Facebook’s algorithms for detecting hate speech are working harder than ever. If only we knew how good they are at their jobs.
Tuesday the social network reported a big jump in the number of items removed for breaching its rules on hate speech. The increase stemmed from better detection by the automated hate speech sniffers developed by Facebook’s artificial intelligence experts.
The accuracy of those systems remains a mystery. Facebook doesn’t release, and says it can’t estimate, the total volume of hate speech posted by its 1.7 billion daily active users.
Facebook has released quarterly reports on how it is enforcing its standards for acceptable discourse since May 2018. The latest says the company removed 9.6 million pieces of content it deemed hate speech in the first quarter of 2020, up from 5.7 million in the fourth quarter of 2019. The total was a record, topping the 7 million removed in the third quarter of 2019.

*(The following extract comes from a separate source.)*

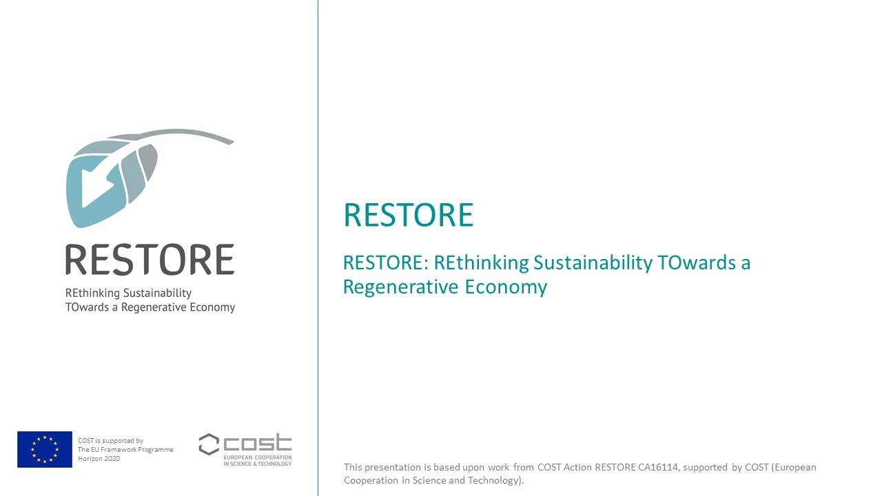 After six years from the beginning of this journey (the first RESTORE idea dates back to April 2015), and four years and a half from COST RESTORE proposal approval, the #CostRestore Action has come to its end, last April 30th, 2021. I would express my sincere thanks and gratitude to all the RESTORE members, stakeholders and all those who supported our Action, sharing the principles that guided our vision and commitment. The successful experience we shared is simply amazing. Collectively, we did our best to ‘rethink sustainability towards a regenerative economy’ with an impressive number of high-quality outcomes proof of our incredible collaboration, also despite the pandemics and the impossibility to meet for the last 14 months.

Of the 9.6 million posts removed in the first quarter, Facebook said its software detected 88.8 percent before users reported them. That indicates algorithms flagged 8.5 million posts for hate speech in the quarter, up 86 percent from the previous quarter’s total of 4.6 million.
In a call with reporters, Facebook chief technology officer Mike Schroepfer touted advances in the company’s machine learning technology that parses language. “Our language models have gotten bigger and more accurate and nuanced,” he said. “They’re able to catch things that are less obvious.”

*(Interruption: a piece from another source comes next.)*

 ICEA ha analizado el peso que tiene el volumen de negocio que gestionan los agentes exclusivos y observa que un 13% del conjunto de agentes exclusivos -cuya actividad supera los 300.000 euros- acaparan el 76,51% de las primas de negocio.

Schroepfer wouldn’t specify how accurate those systems now are, saying only that Facebook tests systems extensively before they are deployed, in part so that they do not incorrectly penalize innocent content.
He cited figures in the new report showing that although users had appealed decisions to take down content for hate speech more often in the most recent quarter—1.3 million times—fewer posts were subsequently restored. Facebook also said Tuesday it had altered its appeals process in late March, reducing the number of appeals logged, because Covid-19 restrictions shut some moderation offices.
Facebook’s figures do not indicate how much hate speech slips through its algorithmic net. The company’s quarterly reports estimate the incidence of some types of content banned under Facebook’s rules, but not hate speech. Tuesday’s release shows violent posts declining since last summer. The hate speech section says Facebook is “still developing a global metric.”
The missing numbers shroud the true size of the social networks’s hate speech problem. Caitlin Carlson, an associate professor at Seattle University, says the 9.6 million posts removed for hate speech look suspiciously small compared with Facebook’s huge network of users, and users’ observations of troubling content. “It’s not hard to find,” Carlson says.
Carlson published results in January from an experiment in which she and a colleague collected more than 300 Facebook posts that appeared to violate the platform’s hate speech rules, and reported them via the service’s tools. Only about half of the posts were ultimately removed; the company’s moderators appeared more rigorous in enforcing cases of racial and ethnic slurs than misogyny.
Facebook says content flagged by its algorithms is reviewed the same way as posts reported by users. That process determines whether to remove the content, or add a warning, and can involve human reviewers or software alone. Friday, Facebook agreed to a $52 million settlement with moderators who say reviewing content for the company caused them to develop PTSD. News of the settlement was earlier reported by the Verge.
Facebook’s moderation reports are part of a recent transparency drive that also includes a new panel of outside experts with the power to overturn the company’s moderation decisions. The company stood up those projects after scandals such as Russia-orchestrated election misinformation that have spurred lawmakers in the US and elsewhere to consider new government constraints on social platforms.
Carlson says Facebook’s disclosures appear to be intended to show that the company can self-regulate, but the reports are inadequate. “To be able to have a conversation about this we need the numbers,” she says. Asked why it doesn’t report prevalence for hate speech, a company spokesperson pointed to a note in its report saying its measurement is “slowly expanding to cover more languages and regions, to account for cultural context and nuances for individual languages.”